If they're stickies, how do you like them?

Sean

Non-Stickies. They worked well. I have heard the stickies are awesome by comparison. Get them!

Sean
09-19-2009, 11:26 PM
Thanks for the info. I'm scratching a broke ass right now....hopefully I can scrounge up some money for them and new wheels next summer. My 356s are basically new, so it's a shame to dump 'em just yet.

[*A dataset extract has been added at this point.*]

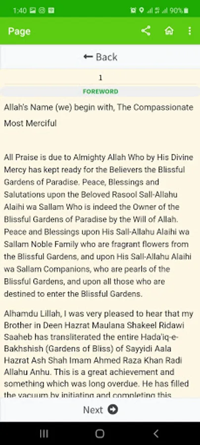 Alhamdu Lillah, I was very pleased to hear that my Brother in Deen Hazrat Maulana Shakeel Ridawi Saaheb has transliterated the entire Hada'iq-e-Bakhshish (Gardens of Bliss) of Sayyidi Aala Hazrat Ash Shah Imam Ahmed Raza Khan Radi Allahu Anhu. This is a great achievement and something which was long overdue. He has filled the vacuum by initiating and completing this blessed task. This book will certainly be very helpful to those who cannot read Urdu, but have the zest to recite Hamd, Na'at and Manqabats.
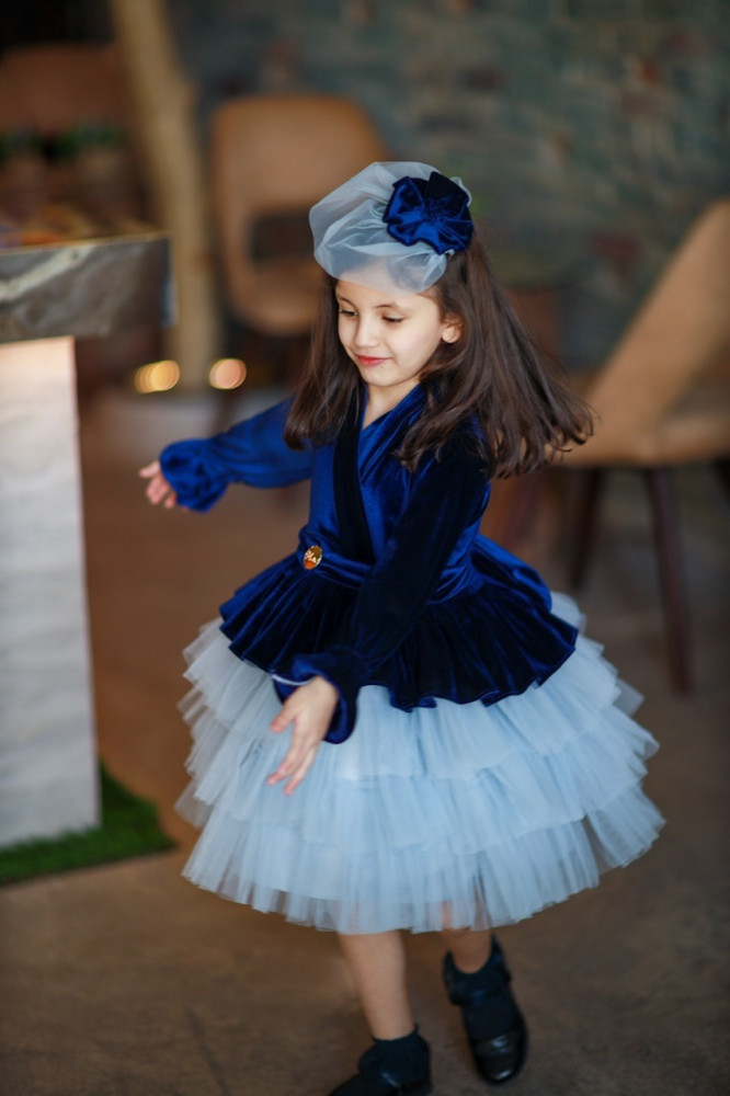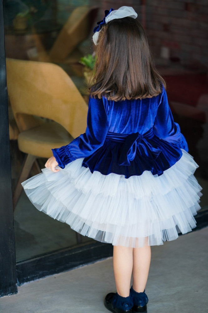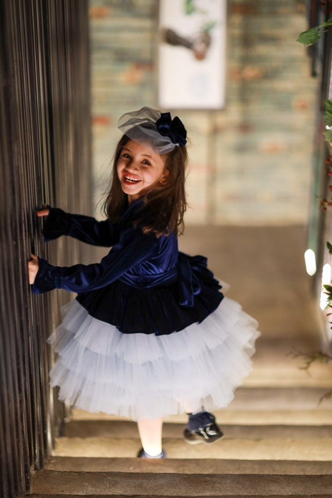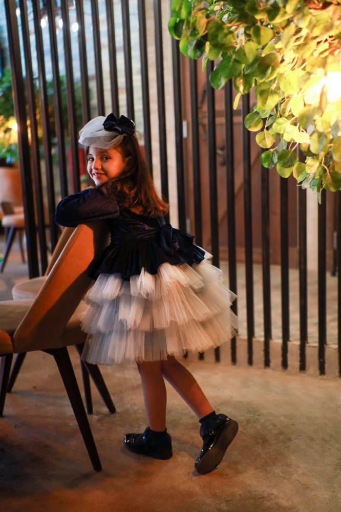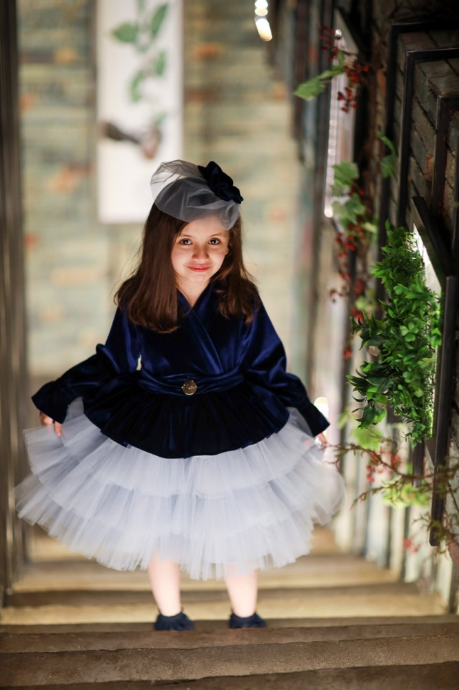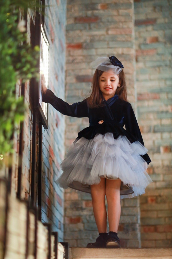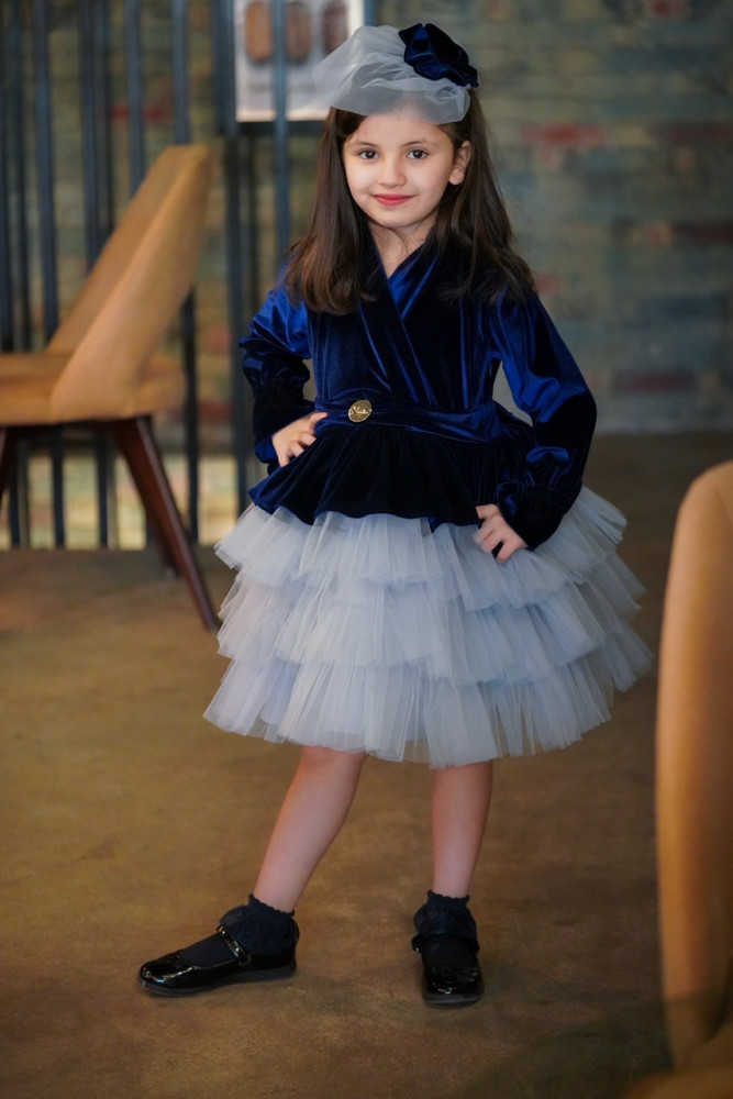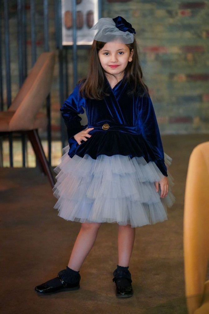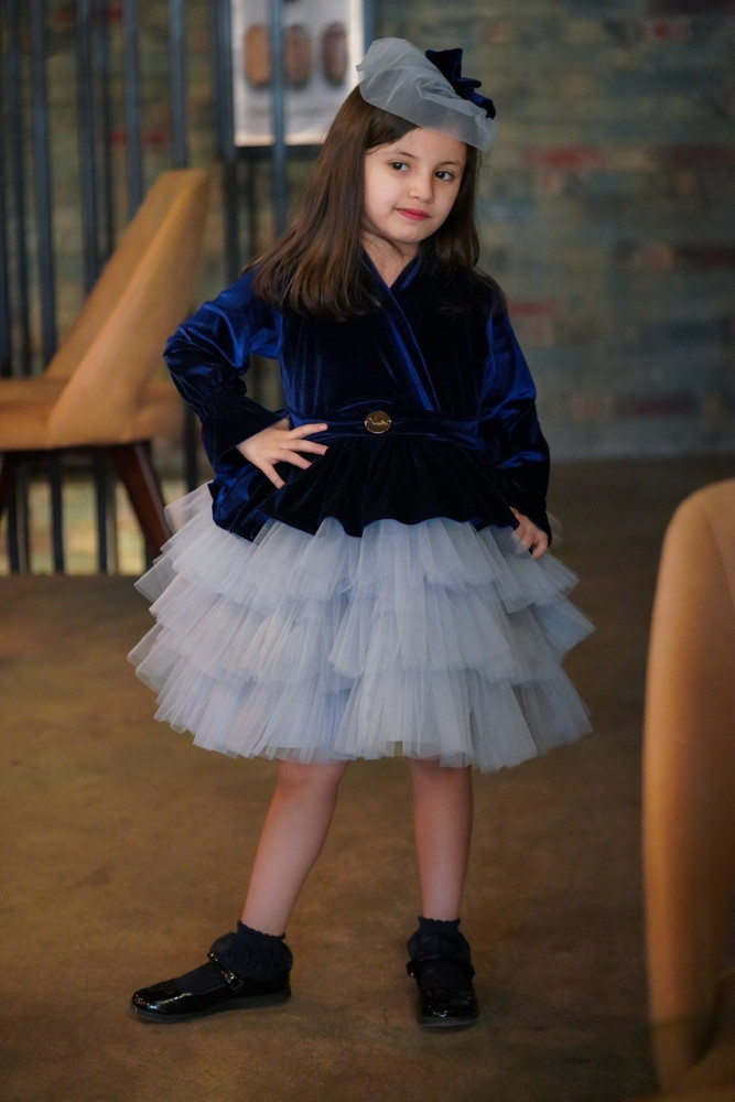 فستان مخمل كحلي مع طبقات التل الرمادي

Thanks again for the help.

Take care,
Sean

Moore87
09-20-2009, 09:02 AM
If you don't mind me asking......knowing the difficulty, why are you guys going with passenger drop axles?

Thanks again.

Sean

I paid $200 for my front axle. The cheapest Ford one I found in the area after searching for about a year was $1200. I don't think it will cost more to put it in, but it will be more time consuming

Sean
09-20-2009, 09:15 AM
I paid $200 for my front axle. The cheapest Ford one I found in the area after searching for about a year was $1200. I don't think it will cost more to put it in, but it will be more time consuming

Ya, I'm kinda in the same boat. Money's tight right now....but Chevy 60s are only a little cheaper in AZ than Fords so I'll probably just pay a little more and get a high pinion at the same time.

Sean

bardenk1
09-20-2009, 09:28 AM
i'm doing it with a dodge dana 60 which is pretty much the same as a chevy until you get to the hubs. issues you will encounter if running coils your going to have to grind the leaf pad down or notch your coil bucket to work. you going to want a dana 300 i'm guessing. as far as the motor being over to one side worst case you run a 2 piece shaft. look @ my build I'm running an NP435 231/300 doubler behind my stock 4.0 i seem to have the room. i seem to have 4" or so of up travel which is more than enough. the only issues i really see running a passenger drop is you track bar, steering, upper control arm locations and squeezing em all in their other than that it's the same as swapping any dana 60 with a custom linked suspension.

bcpd_03
09-22-2009, 04:32 PM
I did that.

http://thedoubleduke.com/pics/Disney07.08/anyawheelin5.jpg

Curious if this pic was takin in NE OK "disney" by the way nice rig.:D

Dookey
09-22-2009, 05:00 PM
Curious if this pic was takin in NE OK "disney" by the way nice rig.:D


Disney it is! :D

OkLaHoMaYJ
09-22-2009, 08:47 PM
I ran into the same problem with mine...which axle do I go with!? Chevy or Ford! Mines going in a TJ also (97 4.0L AX15). I'll be running a 231/300 and after reading, researching, reviewing, etc. I've decided that for a few hundred extra bucks the Ford axle is worth it. I can usually find a Ford axle for $700-900 around my area. I had a great line on a cheap GM60 but I believe I'm gonna pass it up and wait for the right Ford to come along.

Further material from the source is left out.